Rising fuel costs remain a critical issue for Nigerians, with conversations around the nation’s oil and gas sector sparking widespread debate. In a recent discussion hosted by New Central’s flagship programme, A Place at the Table, industry experts dissected key issues ranging from subsidy removal to refinery operations, offering insights into the challenges and possible solutions.
The chat featured prominent voices, including journalist David Hundeyin, Kelvin Ayabafye of Dairy Mills, and Olajumoke Ajayi, Managing Director of Asharami Energy Limited. They highlighted systemic failures, government policies, and operational inefficiencies that have exacerbated Nigeria’s fuel woes.
Subsidy Removal and Its Ripple Effects
The removal of fuel subsidies by the government has been a contentious issue, with critics arguing that the decision was poorly timed and lacked a viable framework for economic cushioning. “The president is the reason why we are here. He came on board with bad policies,” noted legal practitioner and activist Deji Adeyanju during the chat. He pointed out that fuel prices have skyrocketed from ₦157 to over ₦1,000 per litre, driving inflation and increasing the cost of living.
David Hundeyin added that the subsidy removal has exposed the inefficiencies in Nigeria’s oil and gas sector, particularly its reliance on imported Premium Motor Spirit (PMS). “We are giving away Nigeria’s crude oil in exchange for PMS of questionable quality,” he said, calling the practice unsustainable and harmful to the economy.
Port Harcourt Refinery: Refining or Blending?
The Port Harcourt refinery has been at the centre of the debate, with government officials claiming it is operational.

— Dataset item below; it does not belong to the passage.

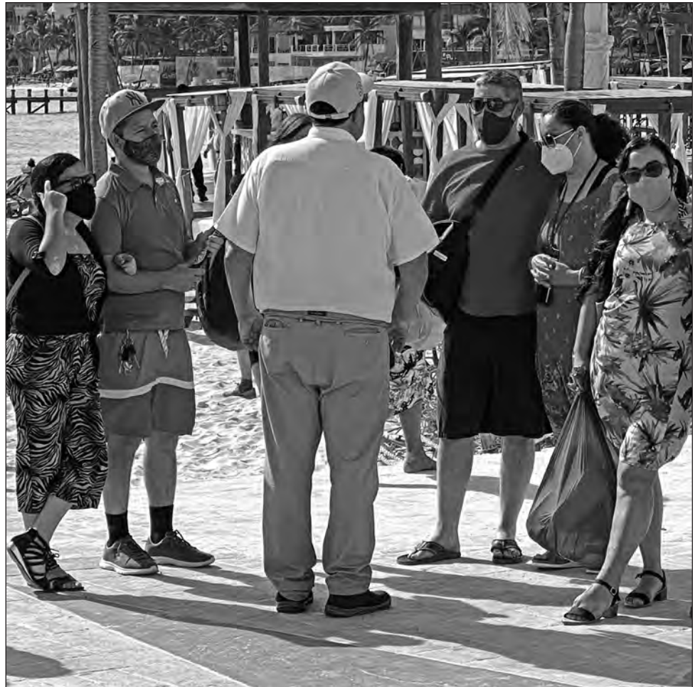
▲ El gobierno del estado aplicará 10 mil pruebas rápidas en las colonias con mayor índice de contagios en todo el estado.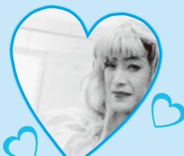
ムンムンなお色気♡

これからも利用者様が住み慣れた地域で元気に楽しく過ごして頂くことができるように、また、介護しているご家族が安心して過ごせるように努力して参りますので、ご支援の程、よろしくお願いいたします。(小規模特養)

However, experts cast doubt on these assertions. Kelvin Ayabafye explained that the facility lacks the necessary infrastructure to refine PMS.
“The refinery operates as a blending plant rather than a full-scale refinery,” he said, pointing out that critical components, such as a crude distillation unit and catalytic reformers, are absent. He also questioned the source of crude oil feedstock, given that the pipeline connecting the refinery to the Bonny River Terminal has been out of service since 2019.

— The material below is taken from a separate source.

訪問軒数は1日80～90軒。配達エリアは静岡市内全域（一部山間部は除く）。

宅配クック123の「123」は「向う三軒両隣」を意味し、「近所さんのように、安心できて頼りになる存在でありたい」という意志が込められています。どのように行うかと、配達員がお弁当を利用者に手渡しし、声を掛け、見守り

This discrepancy, he argued, underscores the government’s struggle to maintain transparency. “If the Port Harcourt refinery were truly refining, there would be evidence in the form of petroleum gases, which are natural by-products of PMS refining,” Ayabafye added.

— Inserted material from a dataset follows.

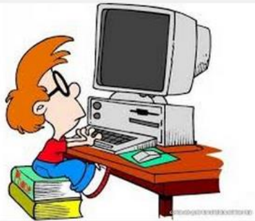
Комп'ютер та копіювальні машини

Dangote Refinery: A Benchmark for Efficiency
The recently commissioned Dangote Refinery has emerged as a shining example of what Nigeria’s refining sector could achieve with proper investment and management. Unlike the Port Harcourt refinery, Dangote’s facility has successfully begun operations, producing high-quality PMS and other petroleum products for domestic and international markets.
“Dangote doesn’t need to prove he’s refining; the quality of his products speaks for itself,” Ayabafye remarked, contrasting this with the government’s efforts to validate Port Harcourt’s functionality.
Way Forward
The panel concluded that Nigeria’s oil and gas sector requires urgent reforms, including greater accountability, investments in infrastructure, and diversification of energy sources. Olajumoke Ajayi, representing the upstream sector, emphasised the need for a holistic approach to address systemic issues.
“Without a functional framework, we are merely plugging holes in a sinking ship,” she said.
As Nigerians continue to grapple with soaring fuel prices and economic uncertainty, the call for transparency and efficiency in the oil and gas sector grows louder. Whether these conversations will translate into tangible change remains to be seen, but one thing is clear: the status quo is no longer sustainable.